Ou seja, representa nada mais do que a atualização da moeda tendo em vista a sua desvalorização acarretada pelo processo inflacionário. E, no caso da construção civil, a inflação do setor se faz representar pelo Índice Nacional da Construção Civil.
Tal entendimento é esboçado por Álvaro Villaça Azevedo, na obra Teoria Geral das Obrigações, 7ª edição, Editora RT, p. 266, assim leciona:
“Como a própria expressão denota, correção monetária é um corretivo, que tem por objeto manter atualizada, no tempo, em seu valor, determinada espécie de moeda.
Ou, como ministra Rubens Limongi França: ‘Correção monetária é, em suma, a atualização do valor real da moeda, tendo-se em vista a data do entabulamento do vínculo e da execução da prestação.’
Realmente, suponham que alguém venda um imóvel a outrem, pelo preço de duzentos mil reais, que deva ser pago, integralmente, um ano depois. No entabulamento deste negócio, ou seja, quando as partes realizaram dito contrato de compra e venda de imóvel, este valia os duzentos mil reais. Um ano após, na data da execução da prestação (pagamento do preço), imaginem, com a desvalorização monetária, o comprador, recebendo aquele preço, não poderia comprar imóvel igual ao que vendera, por valer este, nessa época, duzentos e oitenta mil reais. O que se assiste, no caso em tela, é a depreciação do valor pecuniário, pelo simples passar do tempo.
A correção monetária é, no caso citado, o instituto jurídico adequado para reequilibrar a mencionada relação obrigacional de venda e compra, que pressupõe o exato pagamento do valor (preço) do objeto comprado (coisa), com a concordância de vendedor e comprador, neste sentido (consentimento).“
Corroborando nosso entendimento o Egrégio Tribunal de Justiça do Estado de São Paulo já decidiu a respeito, considerando válida a cláusula que prevê cobrança do ajuste do valor da construção, no processo nº 543.254-4/3-00, conforme é o acórdão que pedimos a devida vênia para colacionar:
ILEGITIMIDADE PASSIVA – Compromisso de venda e compra – Responsabilidade inicial de duas empresas – Posterior alteração da condição em face formal distrato – Assunção, pela remanescente, de todos os encargos anteriormente assumidos – Regularidade – Ausência de demonstração, pelos contratantes compradores de riscos ou eventuais prejuízos decorrentes da alteração – Exclusão determinada – Sentença alterada – PRELIMINAR RECONHECIDA.

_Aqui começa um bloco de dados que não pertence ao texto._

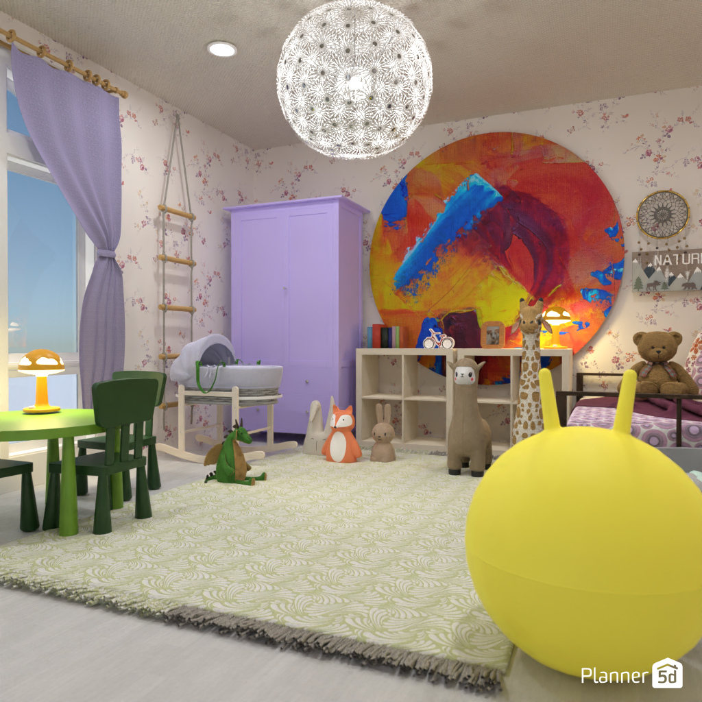 Create a cute and colorful kids' bedroom.
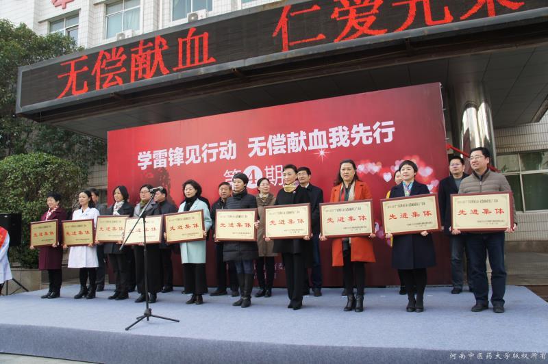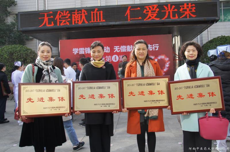 2018年3月5日,在河南省红十字血液中心召开的“学雷锋见行动,无偿献血我先行”第4期活动启动仪式上,leyu·乐鱼(中国)体育官方网站四所附属医院作为2015-2017年在活动中涌现出的先进集体受到了省卫计委的表彰。省卫计委副主任周学山等领导出席仪式并为获奖单位颁奖。
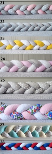 Таким чином, ми можемо зробити косу з однієї тканини, напр. виготовлений з рожевої нори або 3 різних тканин, напр. один валик - рожевий мінкі, другий валик - сірий мінкі, третій валик - бавовна № 1 - сірий зигзаг
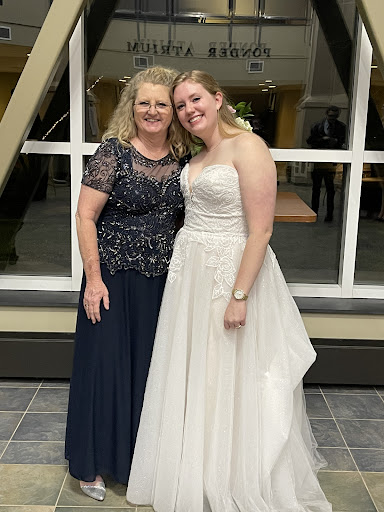 Pictured: on my wedding day with my mom, and first trying on the dress 10...

COMPROMISSO DE VENDA E COMPRA – Bem imóvel – Aquisição mediante obtenção de crédito em financiamento – Regularidade das cláusulas no tocante ao negócio – Exigência de diferença apurada a envolver o custo da obra e o dinheiro obtido com o financiamento – Conhecimento amplo pelas partes – Abusividade não demonstrada – Possibilidade da contratação diante diversidade de custo da obra ao longo do período de financiamento – Objetividade e clareza de cláusula – Contratantes autores com bom nível de formação e conhecimento – Impossibilidade, ao depois da conclusão da obra, da indicação de dúvida – Previsão regular da exigência – Dívida apurada e existente – Crédito em prol da contratante vendedora – Ausência de crédito em prol dos contratantes compradores a afastar pretendida repetição de indébito – Ausência, por conseqüência, de fundamento para obtenção de indenização por danos materiais e por danos morais – Sentença reformada – Inversão do ônus da sucumbência – Fixação de honorária tendo em vista o valor atribuído em prol da causa – RECURSO PROVIDO.
Vale aqui ressaltar também que a incorporadora precisa necessariamente apresentar ao compromissário, na época oportuna, a planilha detalhada do cálculo da referida correção.
Sendo assim, perfeitamente admissível a cobrança de correção monetária nos compromissos de compra e venda de imóvel na planta.